* WORK INSTRUCTION:
An exact transcript is required of the lines below, from the one containing "UIN Siber Cirebon" through the very last; leave every picture out of it.

PROVIDED INFORMATION START

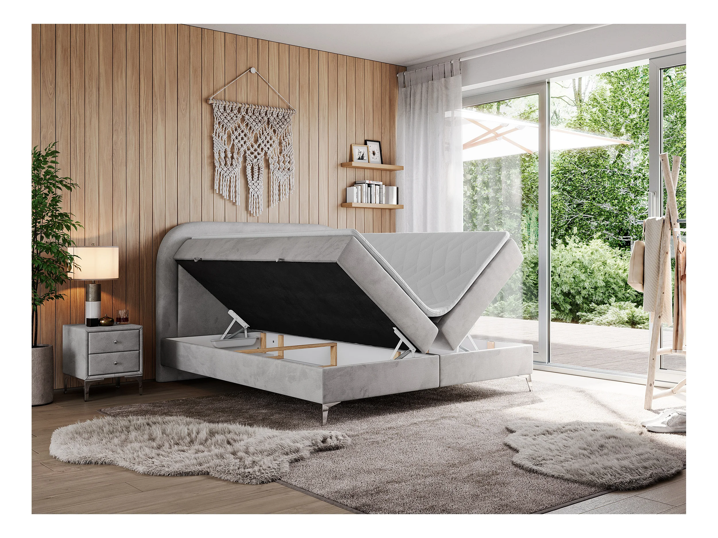 Boxspringbett EIRA - Polsterbett mit Stauraum, Set mit Kopfteil und Multipocket-Matratze, Metallbeine - 120x200 cm - H3 - Hellgrau Velvet
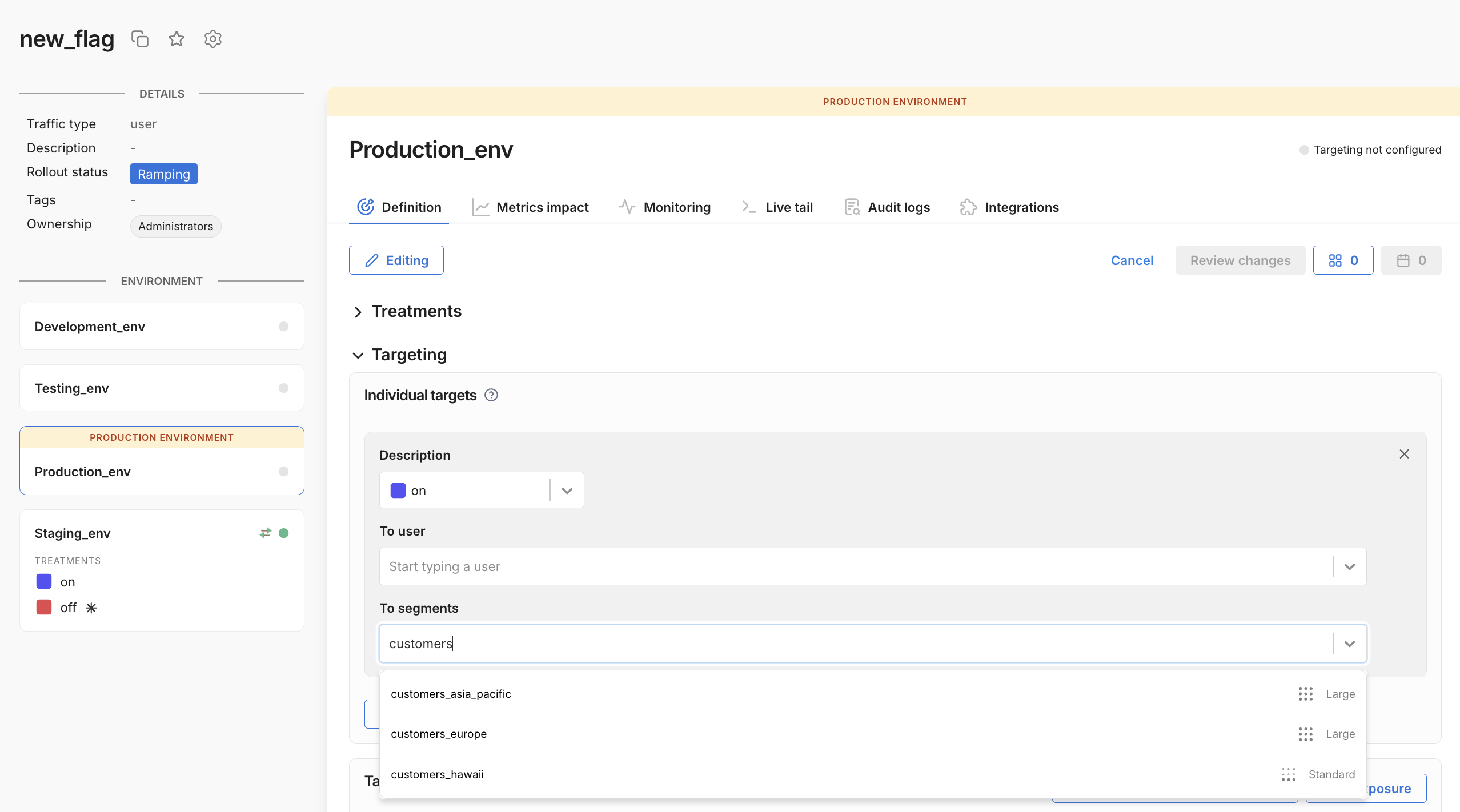 You can target segments in individual targeting rules. These rules assign a treatment to the segment. In the following example, the feature flag will serve on to all user IDs in the given segments.
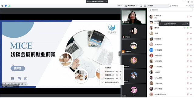 因疫情防控原因,傅萍萍老师不能到达现场为同学们演讲,老师深以为憾,为此,在腾讯会议上召开了就业相关专题讲座。在讲座上,傅萍萍老师的演讲深深感染着每一位同学,向同学们分享了自己丰富的会展工作经历以及对会展就业前景进行分析,并对同学们提出了以下几点就业建议:第一,希望同学们在未来就业时扩大知识面,不要仅限于课本上的知识点,要把理论的知识与实践相结合,提升专业能力;第二,在工作中要敢于吃苦,在面对困难和磨难的时候,不要轻易放弃;第三,进入社会工作后要忘记掉自己学生的身份,认真的对待每一个项目,要对每一项项目负责。会展行业需要工匠,傅老师基于行业基层职业素养,一个个鲜活的案例,激发会展学生的就业激情,点燃会展学生的职业热情。
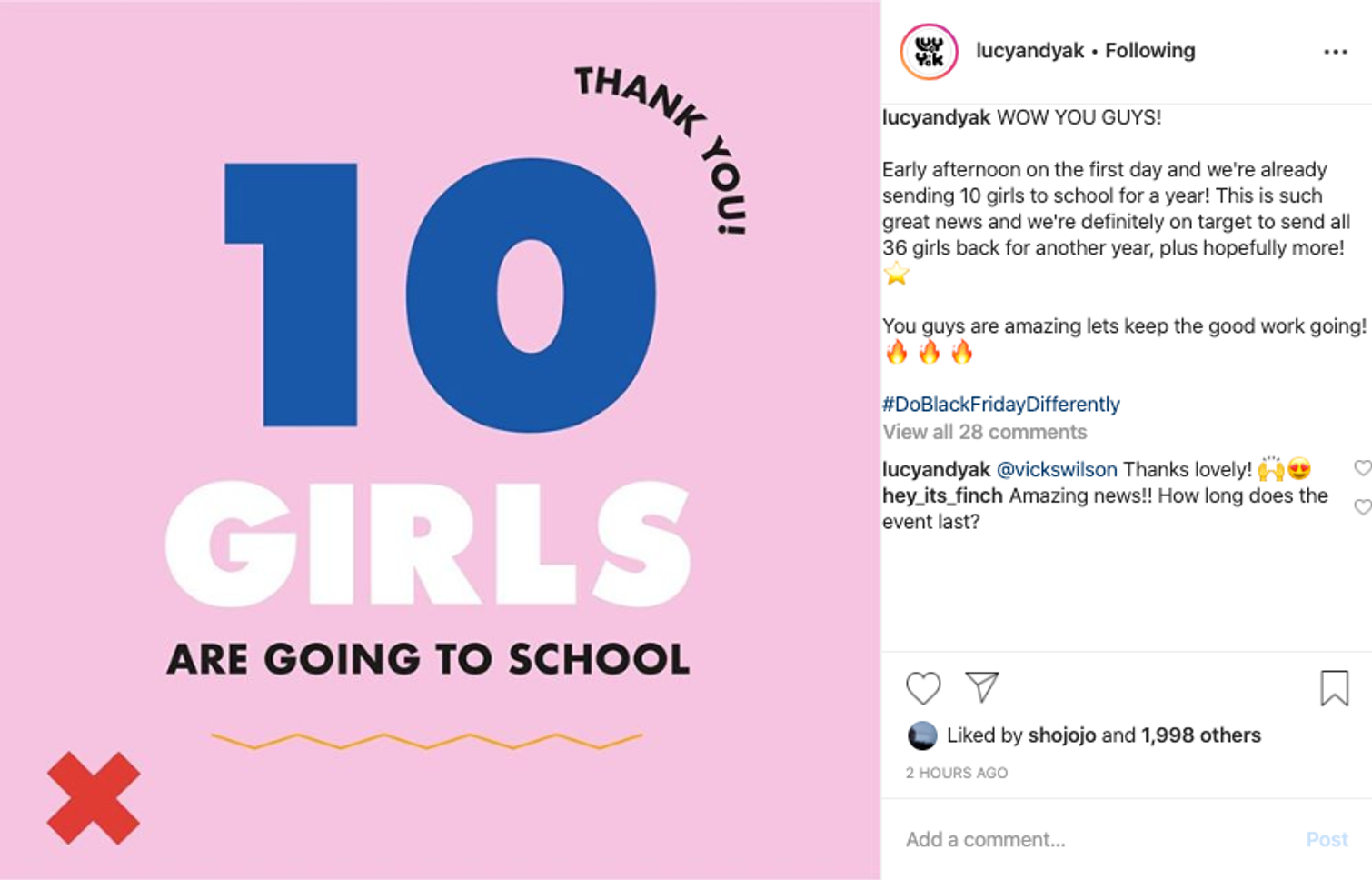 This campaign was led by #LoveOurPlanet and worked well as it taps into their conscience of what they stand for as a company. It also made people excited as they could make a purchase knowing that it was helping to make the world a better place.
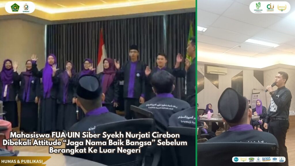 UIN Siber Cirebon (Jakarta) —Aula Pusdiklat Kementerian Agama Republik Indonesia dipenuhi semangat dan antusiasme mahasiswa dari berbagai perguruan tinggi keislaman yang tergabung dalam program ITHLA Abroad, termasuk di antaranya mahasiswa Fakultas Ushuluddin dan Adab (FUA) UIN Siber Syekh Nurjati Cirebon. Dalam kegiatan ini, mereka menerima pembekalan khusus bertajuk “Attitude Luar Negeri: Jaga Nama Baik Bangsa”, yang menjadi salah satu kunci utama kesuksesan dalam menjalani peran sebagai pengajar sekaligus duta budaya di negara tujuan.(21/09).
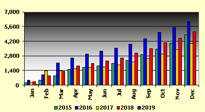 These figures are down 80% in volume and 86% in value on those registered in the previous month. Compared with January 2018, imports they are down 64% in volume and 71% in value.
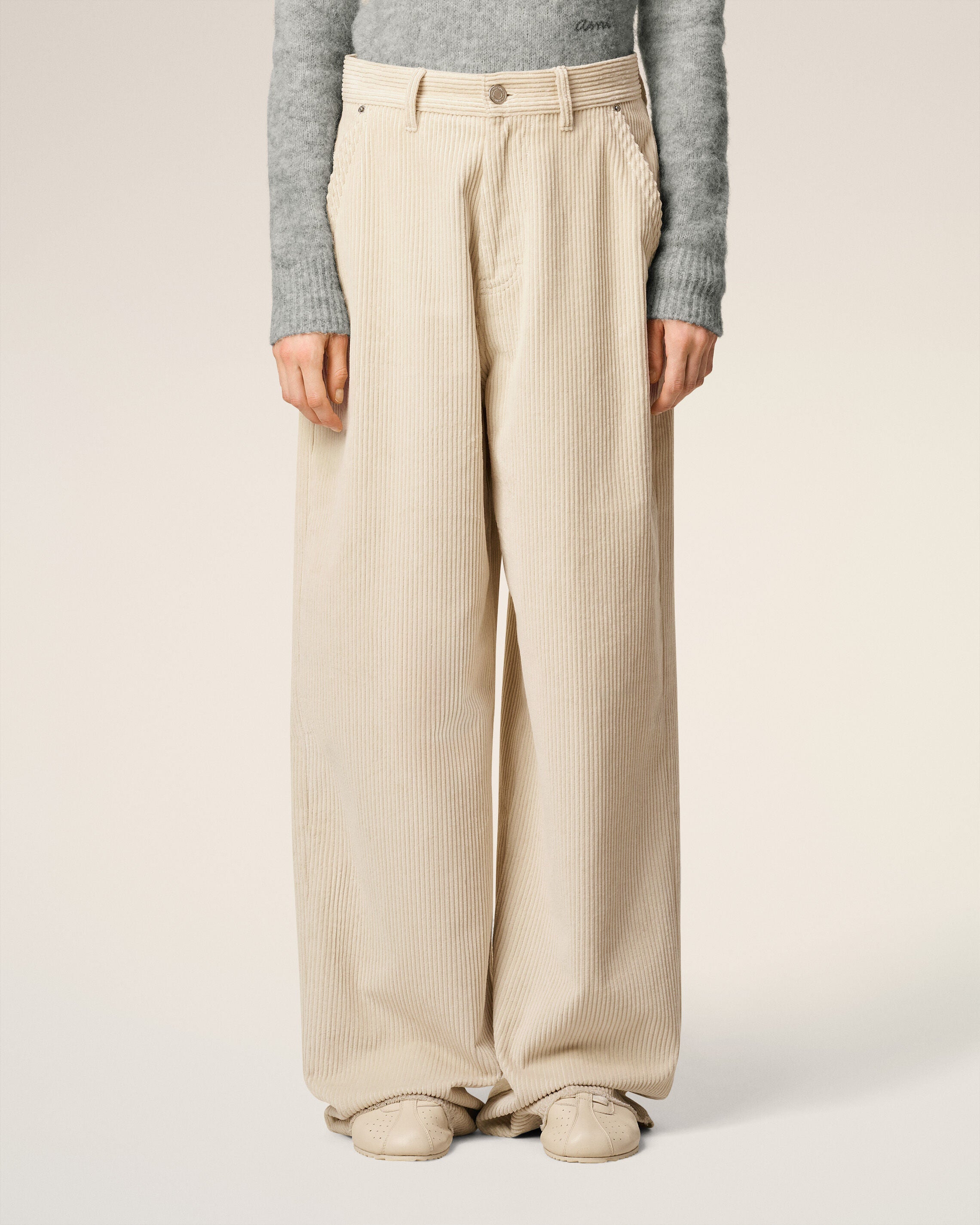 Pantaloni taglio ampio in lana bianca
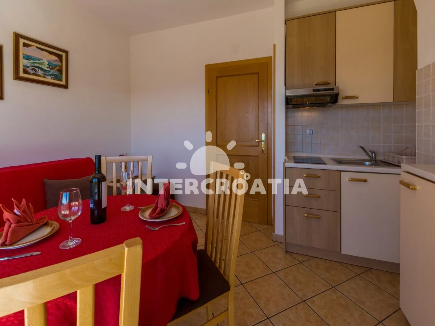 Apartmán (40 m2) s výhledem na moře a vlastním balkonem se nachází v 1. patře domu. Apartmán je vhodný pro 2 až 4 osoby. Obývací pokoj je spojený s kuchyní. Kuchyňská linka je vybavena…

PROVIDED INFORMATION END

* ANSWER BELOW:
 UIN Siber Cirebon (Jakarta) —Aula Pusdiklat Kementerian Agama Republik Indonesia dipenuhi semangat dan antusiasme mahasiswa dari berbagai perguruan tinggi keislaman yang tergabung dalam program ITHLA Abroad, termasuk di antaranya mahasiswa Fakultas Ushuluddin dan Adab (FUA) UIN Siber Syekh Nurjati Cirebon. Dalam kegiatan ini, mereka menerima pembekalan khusus bertajuk “Attitude Luar Negeri: Jaga Nama Baik Bangsa”, yang menjadi salah satu kunci utama kesuksesan dalam menjalani peran sebagai pengajar sekaligus duta budaya di negara tujuan.(21/09).
 These figures are down 80% in volume and 86% in value on those registered in the previous month. Compared with January 2018, imports they are down 64% in volume and 71% in value.
 Pantaloni taglio ampio in lana bianca
 Apartmán (40 m2) s výhledem na moře a vlastním balkonem se nachází v 1. patře domu. Apartmán je vhodný pro 2 až 4 osoby. Obývací pokoj je spojený s kuchyní. Kuchyňská linka je vybavena…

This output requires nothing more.